Australian actor (1950–2019)

Patrick Ward (4 January 1950 – 14 October 2019) was an Australian actor noted for several performances on Australian television.

==Early life==
Ward grew up in the Sydney suburb of Marrickville, the son of a taxi driver and payroll mistress. He left home and school at the age of 14. He worked in several jobs, before joining choreographer Ross Coleman's production of Gotta Move at Sydney's Union Theatre (now Footbridge Theatre) in 1968. At 16, he joined the Independent Theatre, where he trained as an actor, before going on to perform at the Killara 680 Coffee Theatre. At 17, he came second in a go-go dancing competition for radio station 2UW.

In his late teens, Ward was signed by Pat Woodley's modelling agency, through which he began landing roles in TV commercials.

==Career==
Ward signed with International Casting Services run by Gloria Payten who initially secured work for him as an extra in films such Color Me Dead (1969) and That Lady from Peking (1975). At the beginning of the 1970s he also scored work in various television shows. He played Gilbert Bunthorp in the ABC's adaptation of The Cousin from Fiji, a soldier in Spyforce and a Vietnam veteran in The Godfathers. Ward played Mike Parsons in early episodes of the television series Number 96 in 1972, before later playing Nicholas Brent in the 1974 film version.

Other early roles came in police drama Matlock Police in 1973 and as Sam Wandsworth in the teen soap opera Class of '74. He played the regular role Cornelius (aka 'Corny'), in 1975 serial The Unisexers, produced by Cash Harmon Television, the makers of Number 96. However, the series was cancelled after just three weeks and 16 episodes, due to poor ratings.

Ward had a regular support role as Constable Peter Fleming in the police serial Cop Shop beginning in late 1977, but left the series within three months of its launch. In 1980 he was a regular cast member of a new soap opera, Arcade, created by several members of the creative team from Number 96. He played sports shop owner Craig Carmichael. Arcade was a critical and ratings failure and was cancelled after six weeks on air.

Further television credits included short-lived police drama The Spoiler, Catch Kandy, Homicide and sitcom Up The Convicts. He also appeared in A Country Practice (1983), Chances (1991) and Phoenix (1992) and had a regular role in the sitcom My Two Wives (1992). He later appeared in All Saints (2001), Farscape (2001; 2003) and Bad Cop, Bad Cop (2003) and Home and Away.

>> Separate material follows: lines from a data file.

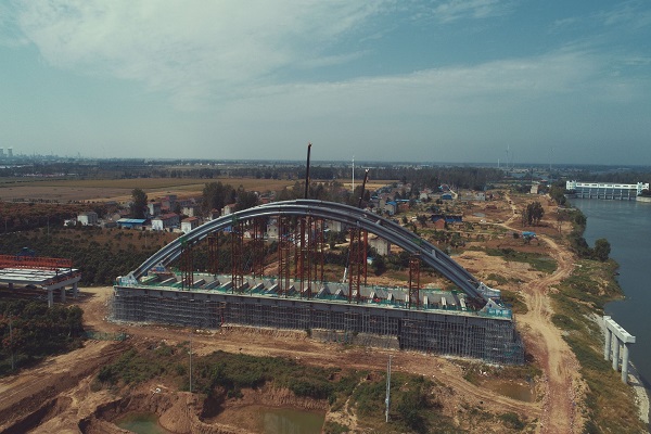 9月23日,臨渙船閘橋梁改建施工項目鋼管拱正式合龍。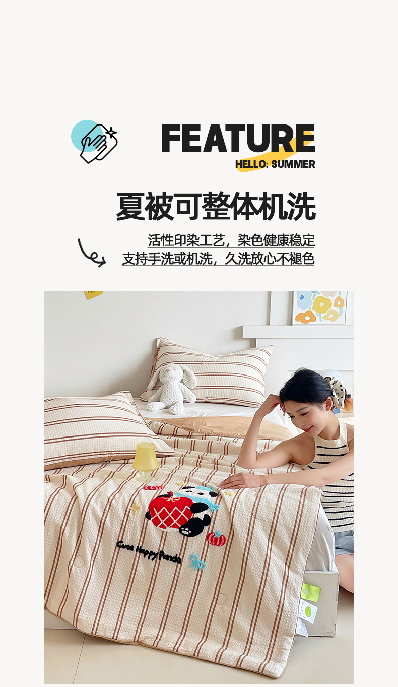 (总)莱宁被业 2026新款原创设计A类全棉有氧双层纱毛巾绣大豆夏被,吉米乐园,乐萌小象,马戏小狗,美梦小马,企鹅小宝贝,书包小熊,组合图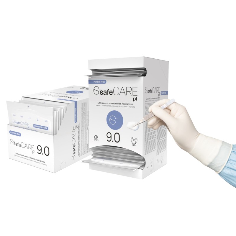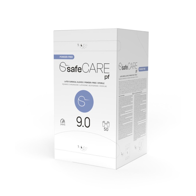 Rękawice chirurgiczne lateksowe SafeCare PF (rozm.9.0) - bezpudrowe, jałowe, 1 para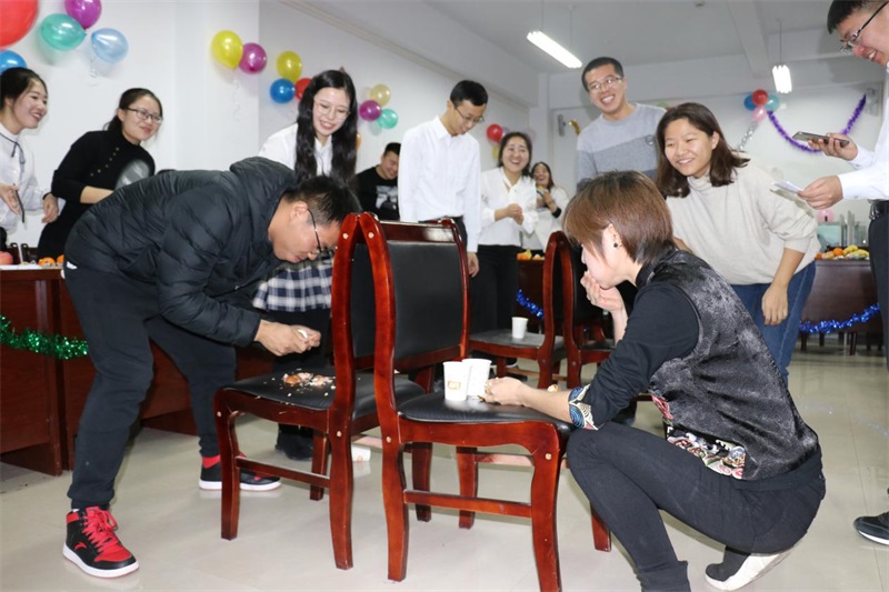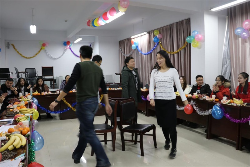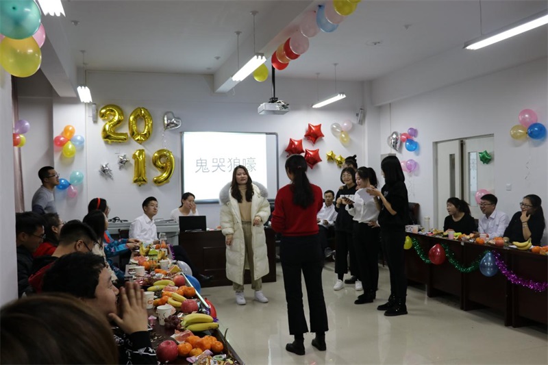精彩的舞蹈过后节目展示与游戏环节交替进行,抢凳子,猜歌词,你划我猜,计时吃东西,老师们也参与其中,与同学们一起辞旧迎新,现场其乐融融,欢声笑语此起彼伏。
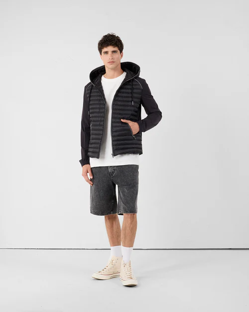 Une doudoune technique et urbaine, conçue dans un tissu mélangé alliant style et performance. Ses poches zippées et sa fermeture frontale sont soulignées par un passepoil réflecteur qui apporte une touche moderne et sécurisante. La capuche ajustable à cordons et les poignets élastiqués avec détails réflecteurs complètent cette pièce fonctionnelle et stylée, parfaite pour affronter la ville en toute confiance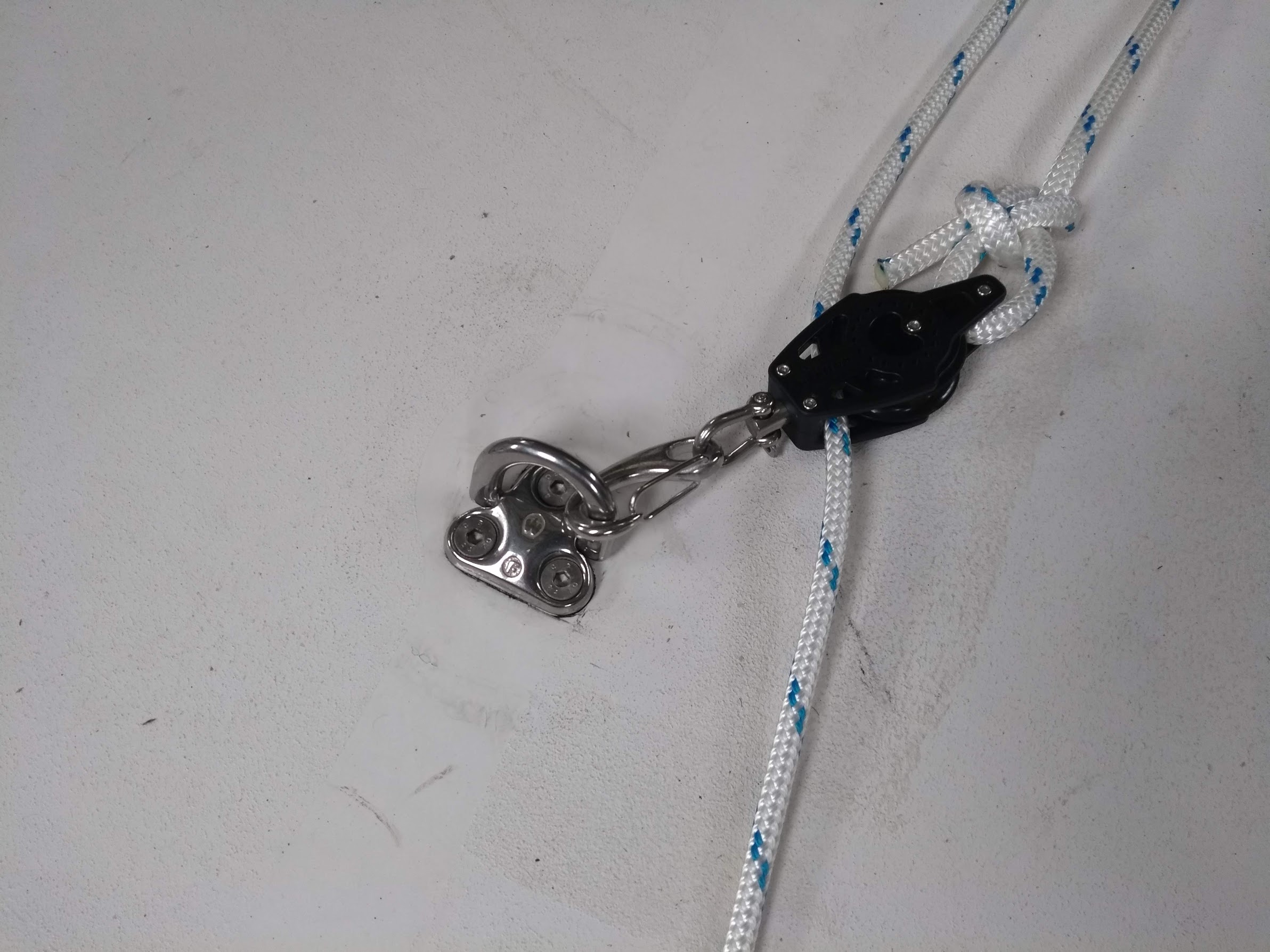 Een week voordat we te water gaan kom ik in de Te koop aangeboden hoek van het Zeilersforum een prachtige achterstagspanner tegen. Die stond nog niet eens genoteerd op het wensenlijstje. Had er al wel naar gekeken maar vond ze duur of lelijk (die met zo’n draaiwiel). Het zou wel de oplossing zijn voor de toch wel eens doorhangende voorstag én de klemlopende wantspanner van de achterstag die daardoor niet strakker kon. Nu de uitdaging om voor het zetten van de mast de achterstag in gekort te krijgen.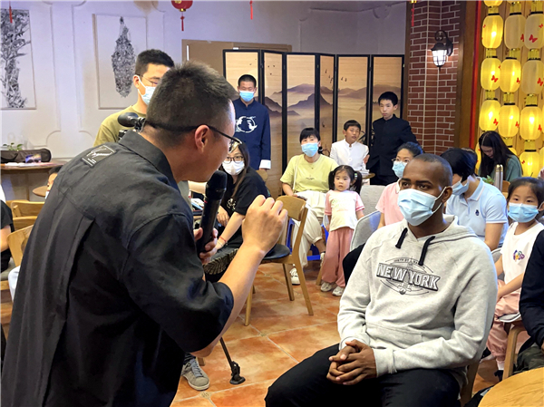 雅集除了不少本土音乐爱好者,也吸引了数位外籍职工。他们在现场聆听乐曲的同时,非常好奇,酷似“烧火棍”的中国传统乐器是如何吹响的?来自索马里的Ahmed(中文名马腾)和来自赞比亚的Claire(中文名克丽尔),各自用了不到一分钟的时间,在刘振老师的指导下,成功吹响中国竹笛,掌声满场。最后,雅集在大齐奏《我的祖国》中结束。
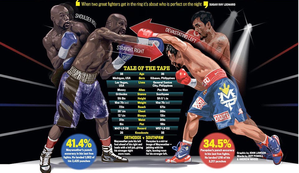 Trong khi đó, Foyd Mayweather được đánh giá cao ở khả năng phản đòn chính xác đạt tỷ lệ 41,4%. Khi tay đấm người Mỹ phòng thủ thường thả tay trái xuống và khép chặt vào vai. Sau khi đối phương ra đòn trượt, Mayweather đáp trả bằng cú đấm thẳng bằng tay phải. Tuy nhiên, võ sĩ người Mỹ rất khó để phòng ngự theo kiểu đó khi thi đấu với một đối thủ thuận tay trái như Pacquiao.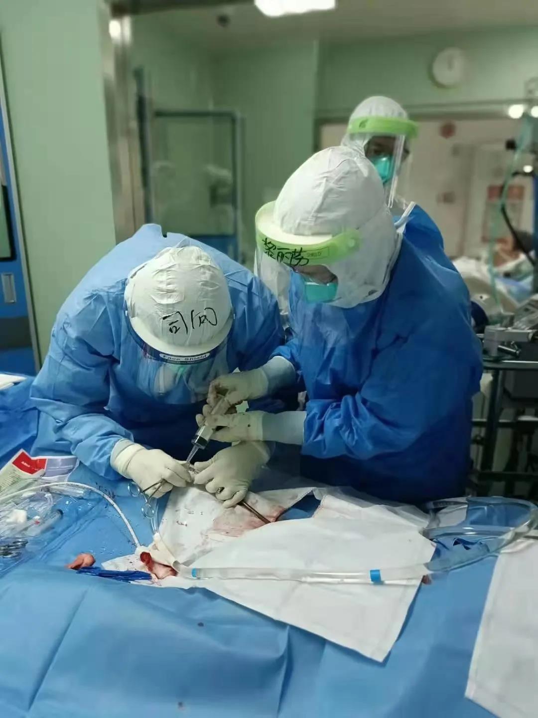 司向副主任医师和黎丽芬副主任医师为患者进行ECMO置管

Ward's miniseries credits include ANZACS (1985), alongside Paul Hogan, Fields of Fire (1987) and Bodysurfer (1989), based on the short story collection by Robert Drewe. He also appeared in the TV movies Kindred Spirits and Super Sleuth (1984).

Ward also appeared in film, an early credit being 1974 cult Ozploitation film Stone opposite Helen Morse. The same year, he featured in the opening sequence of Peter Weir's The Cars That Ate Paris and then played tough guy Tex in 1975 film Sidecar Racers. Other film credits include 1980 thriller The Chain Reaction, opposite Steve Bisley, 1987 crime thriller Running from the Guns, 1990 romantic drama The Crossing alongside Russell Crowe and 1992 film Jindalee Lady He later appeared in 2008 thriller Restraint opposite Teresa Palmer, Travis Fimmel and British actor Stephen Moyer.

Theatre, however, was Ward's first love, which saw him appear in numerous stage productions throughout his career, including Butley, Summer of the Seventeenth Doll, Scapino, The Lion in Winter, Mourning Becomes Electra, Caesar and Cleopatra and Father's Day. Other theatre credits included Pyjama Tops, The Shifting Heart, The Removalists, Having a Ball, The Devil's Advocate, True West and Angel City. From 1979 to 1981 he performed in Kirribilli Pub Theatre shows. A role in Broadway musical South Pacific saw him tour Thailand in the early 1990s.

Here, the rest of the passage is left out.